COLLECTED DATA
* * * * *
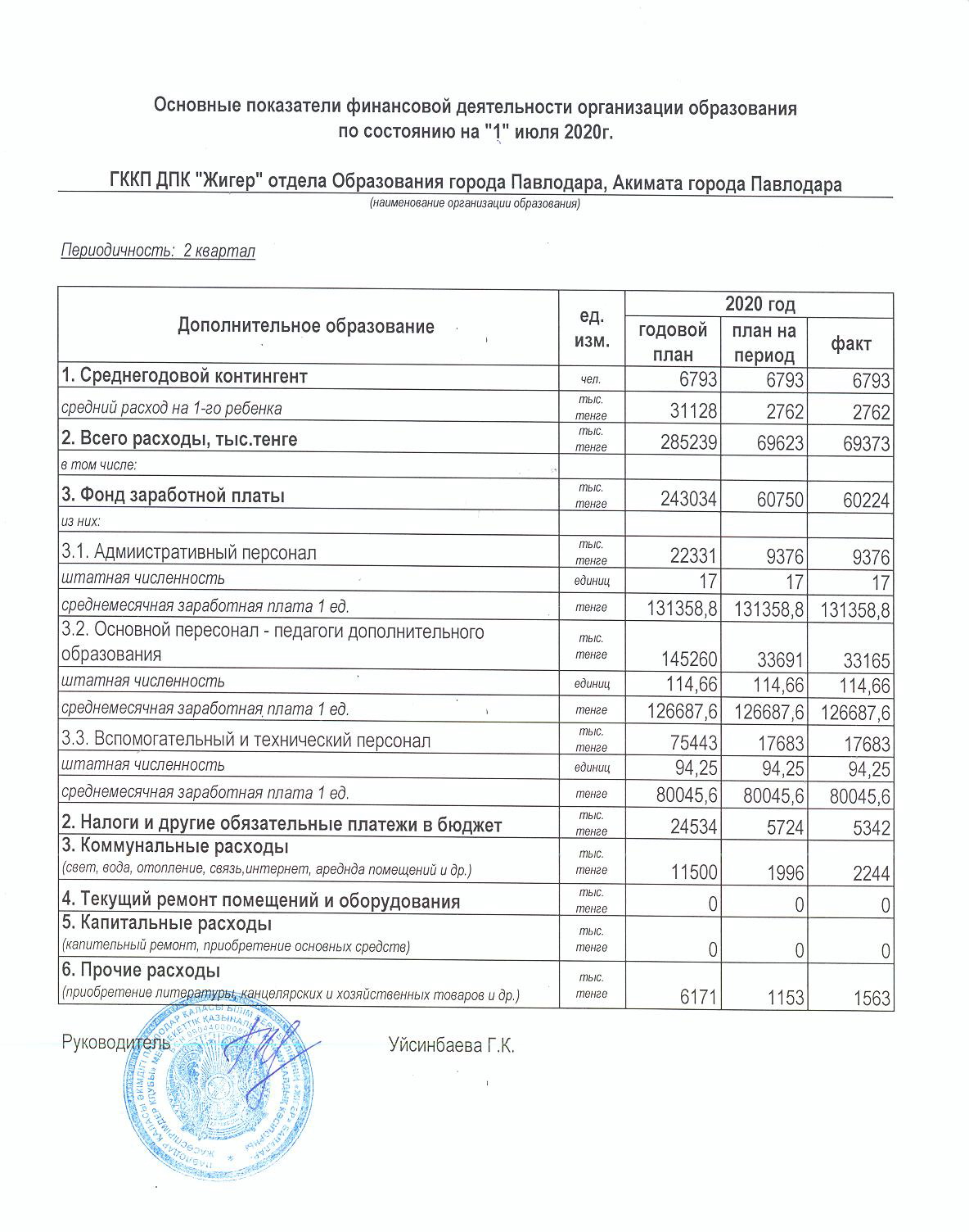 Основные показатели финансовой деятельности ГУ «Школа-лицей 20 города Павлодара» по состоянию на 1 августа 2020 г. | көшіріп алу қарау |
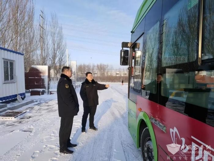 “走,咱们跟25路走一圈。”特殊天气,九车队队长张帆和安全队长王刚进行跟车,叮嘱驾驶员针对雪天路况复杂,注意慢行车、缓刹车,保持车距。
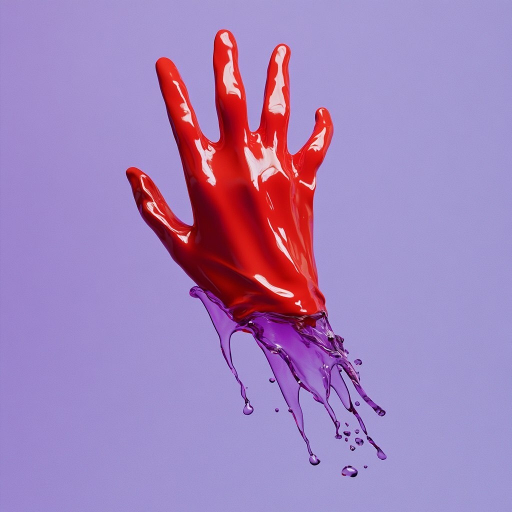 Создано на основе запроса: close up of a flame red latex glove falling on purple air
* * * * *
REQUIREMENT
Please copy out each line above exactly as written, but not the pictures.

RESULT OF THIS TASK
 Основные показатели финансовой деятельности ГУ «Школа-лицей 20 города Павлодара» по состоянию на 1 августа 2020 г. | көшіріп алу қарау |
 “走,咱们跟25路走一圈。”特殊天气,九车队队长张帆和安全队长王刚进行跟车,叮嘱驾驶员针对雪天路况复杂,注意慢行车、缓刹车,保持车距。
 Создано на основе запроса: close up of a flame red latex glove falling on purple air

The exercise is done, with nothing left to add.